After years of strong growth, the economy is languishing in recession, economists say, with rising foreign debt levels, double-digit inflation, the sagging lira, and paltry levels of foreign investment, compared with past years.

An increasing government role in the economy has led to charges of cronyism and corruption, with critics complaining of insiders becoming fabulously wealthy on government contracts and sweetheart deals.

As the election results underscored, Erdogan still maintains the strong backing of the newly prosperous Islamists who were long marginalized under the secular republic founded by Mustafa Kemal Ataturk; people who, like Erdogan, as historian Soner Cagaptay has written, were “born on the wrong side of the tracks.”
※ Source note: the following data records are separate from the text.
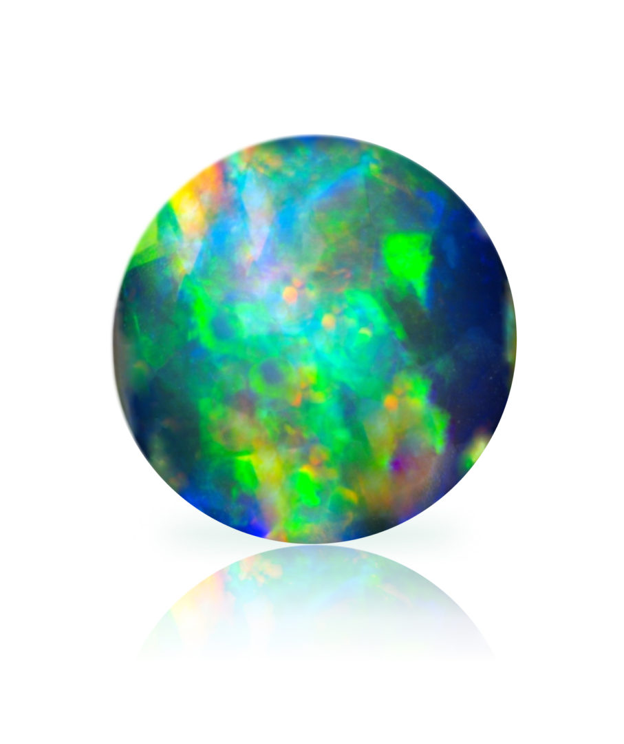 L’opale est une silice amorphe hydraté contenant de 1 à 21% d’eau et ses versions précieuses irisées contiennent en moyenne 6% à 10% d’eau. L’eau, prisonnière dans de microscopiques sphères de silice qui sont empilées régulièrement dans la masse (comme des balles de ping-pong dans une boite), permet un effet de diffraction de la lumière qui crée cet effet de jeu de couleurs révélant les couleurs du spectre. Les couleurs varient, notamment en fonction de la taille des sphères de silice, qui feront apparaitre du violet quand elles font environ 0.1micron de diamètre et du rouge quand elles font environ 0.2 micron, toutes les autres couleurs du spectre (de l’arc-en-ciel) apparaissant dans les dimensions intermédiaires.
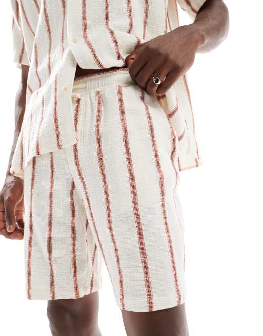 Jack & Jones - Pantaloncini testurizzati bianchi a righe rosse in coordinato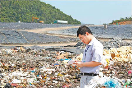 在老虎坑环境园垃圾填埋场,隋继超正在垃圾堆体上检查雨污分流情况。每当雨水来袭时,他就会和这里的工人做好填埋场堆体覆盖和加固、雨污分流、污水导排等工作,同时确保水库、边坡等周边的安全。遇到台风天气时,他还得24小时坚守在这里。

The transfer of power and wealth to those newcomers over the past 15 years represents a transfer of capital that is permanently changing Turkey, said Bekir Agirdir, director of the polling firm Konda.

Economists say Erdogan needs to cut public spending, including expensive subsidies for gasoline and electricity. Turkey borrowed heavily in recent years on international markets, and now faces a bill of $250 billion a year to finance the debt and the country’s current account, which is also deteriorating. This could force it to seek help from the International Monetary Fund.

But few say they think he will take the necessary measures. “Erdogan must do a surgical operation on the economy,” Gurses, the Hurriyet correspondent, said.